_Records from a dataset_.
▼

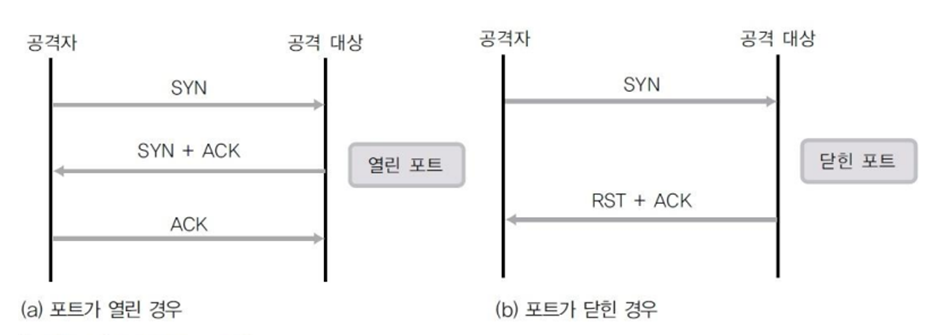 보통 포트 스캔은 로그가 남아 서버 관리자가 눈치챌 수 있어, 해커들은 세션 연결을 하지 않고 포트 활성화 여부를 확인하는 스텔스 스캔을 사용해 로그를 남기지 않는다
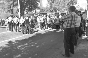 З'являються міліціонери. Стають поперек дороги. Під'їжджає автобус із бійцями спецпідрозділу "Беркут". За кілька хвилин демонстранти повертаються до ринку, усередину не заходять.
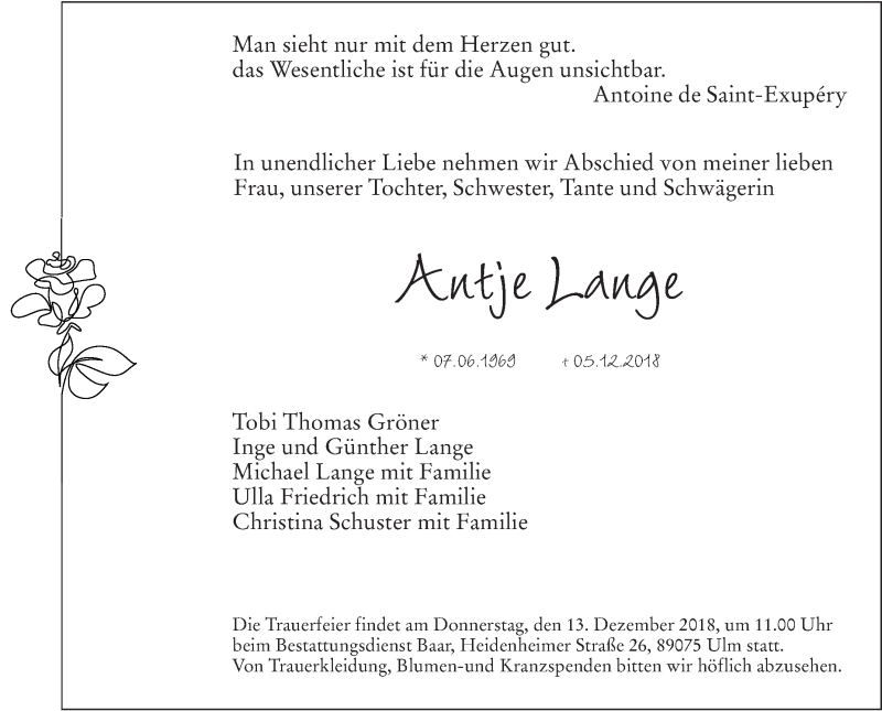 Hier finden Sie alle Traueranzeigen aus der Zeitung, die bisher für Antje Lange erschienen sind. Weitere Traueranzeigen, die in der Zeitung erscheinen, werden hier ebenfalls aufgelistet
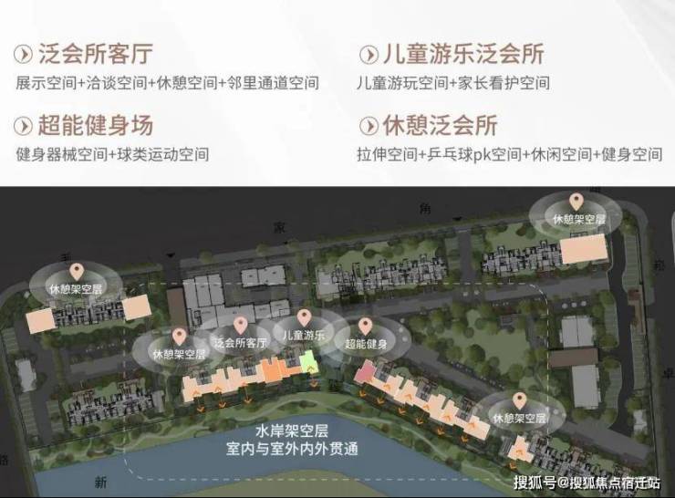 约1050m²水岸主题泛会所,通过泛会所客厅、儿童游乐泛会所、超能健身场和休憩泛会所的多空间设计,满足不同年龄段业主的休闲、健身和娱乐需求,可停可游可玩的空间表达,在有限的空间中,表达生活愉悦的无限可能,带来邻里互动的乐趣。
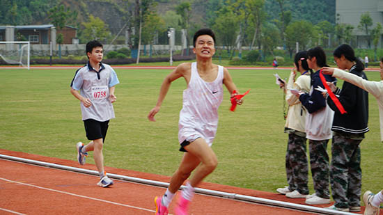 4×100米接力現場,怎么只有一個運動員在跑?因為對手已經被他甩出屏幕畫面之外了!這就是2102班打破紀錄的最后一棒!
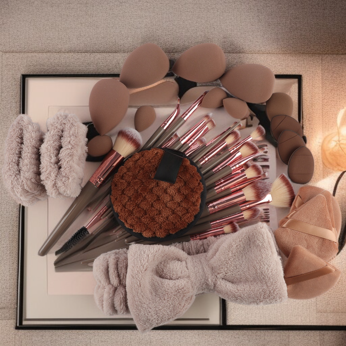 파우더 퍼프 세트는 얼굴 클렌징과 메이크업 파우더 퍼프 등 다양한 뷰티 도구를 결합한 것입니다
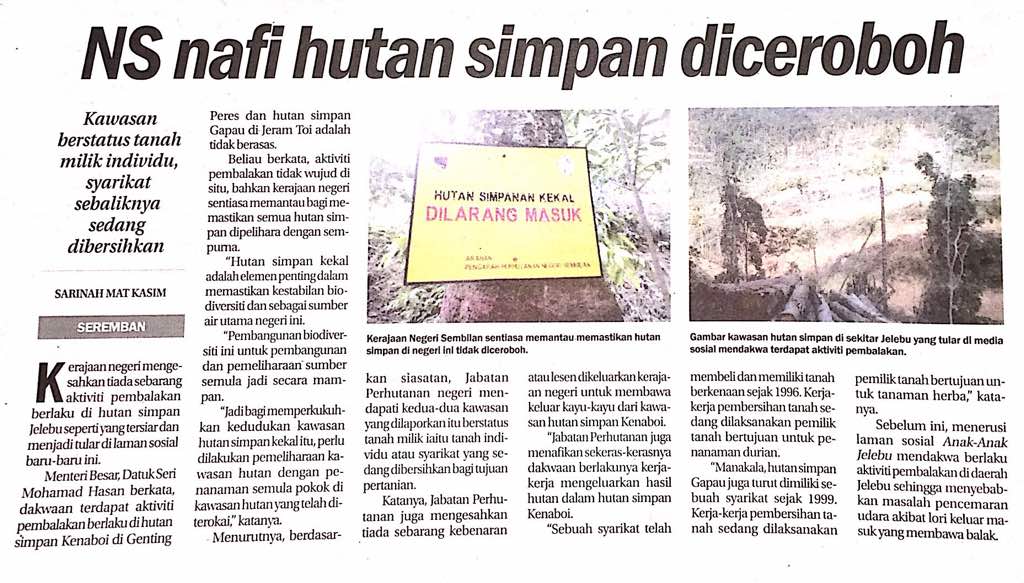 Tajuk : NS nafi hutan simpan diceroboh
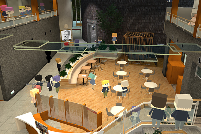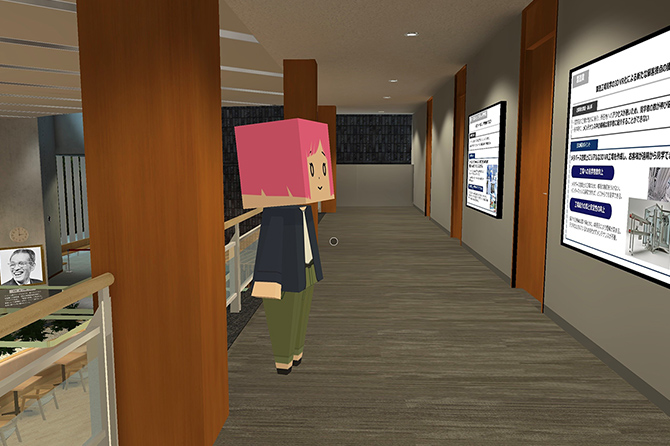 千代:コロナ禍に失われた“出社する”“集まる”という感覚を再現したかったので、記念館単体ではなく、本社事業所のエントランス部分を丸ごとメタバース上に構築し、その奥に記念館があるという構成にしました。ただ、実際に構築されたメタバースを見るまで、エントランス部分の作り込みが、これほど没入感に影響してくるとは思っていなかったです。
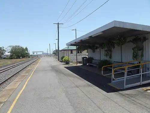St Lawrence railway station is located on the North Coast line in Queensland, Australia. It serves the town of St Lawrence. Opposite the single platform lie two crossing loops.
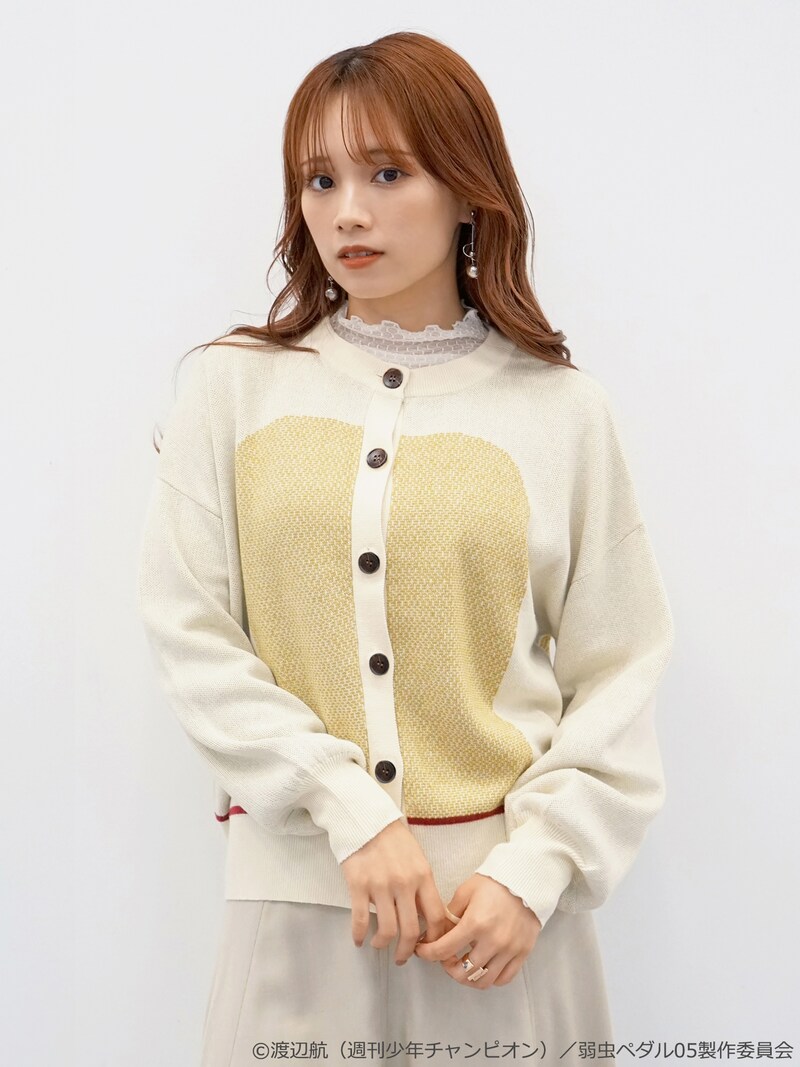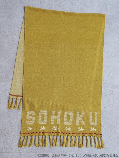 今回ラインナップされたのは総北高校と箱根学園をイメージしたニットアイテム3種類。サイクルジャージをオマージュしたニットカーディガンは、配色柄部分に2色の糸を組み合わせたジャガード編みを施すことで風合いのあるカラーに仕上がった。ニットプルオーバーの左袖にはロードバイクと学校名をあしらったオリジナルロゴを刺繍。オリジナルロゴのジャガード編みが施されたニットストールは首に巻くだけでなくひざ掛けとしても使うことができる。各アイテムは総北高校をイメージしたイエローと箱根学園をイメージしたブルーの2色展開。

▲

_Aim of the task_. Copy the lines of the records, beginning where the line containing "约1050m²水岸主题泛会所" appears and continuing through the final line, exactly and with no pictures.

_Answer_.
 约1050m²水岸主题泛会所,通过泛会所客厅、儿童游乐泛会所、超能健身场和休憩泛会所的多空间设计,满足不同年龄段业主的休闲、健身和娱乐需求,可停可游可玩的空间表达,在有限的空间中,表达生活愉悦的无限可能,带来邻里互动的乐趣。
 4×100米接力現場,怎么只有一個運動員在跑?因為對手已經被他甩出屏幕畫面之外了!這就是2102班打破紀錄的最后一棒!
 파우더 퍼프 세트는 얼굴 클렌징과 메이크업 파우더 퍼프 등 다양한 뷰티 도구를 결합한 것입니다
 Tajuk : NS nafi hutan simpan diceroboh
 千代:コロナ禍に失われた“出社する”“集まる”という感覚を再現したかったので、記念館単体ではなく、本社事業所のエントランス部分を丸ごとメタバース上に構築し、その奥に記念館があるという構成にしました。ただ、実際に構築されたメタバースを見るまで、エントランス部分の作り込みが、これほど没入感に影響してくるとは思っていなかったです。
St Lawrence railway station is located on the North Coast line in Queensland, Australia. It serves the town of St Lawrence. Opposite the single platform lie two crossing loops.
 今回ラインナップされたのは総北高校と箱根学園をイメージしたニットアイテム3種類。サイクルジャージをオマージュしたニットカーディガンは、配色柄部分に2色の糸を組み合わせたジャガード編みを施すことで風合いのあるカラーに仕上がった。ニットプルオーバーの左袖にはロードバイクと学校名をあしらったオリジナルロゴを刺繍。オリジナルロゴのジャガード編みが施されたニットストールは首に巻くだけでなくひざ掛けとしても使うことができる。各アイテムは総北高校をイメージしたイエローと箱根学園をイメージしたブルーの2色展開。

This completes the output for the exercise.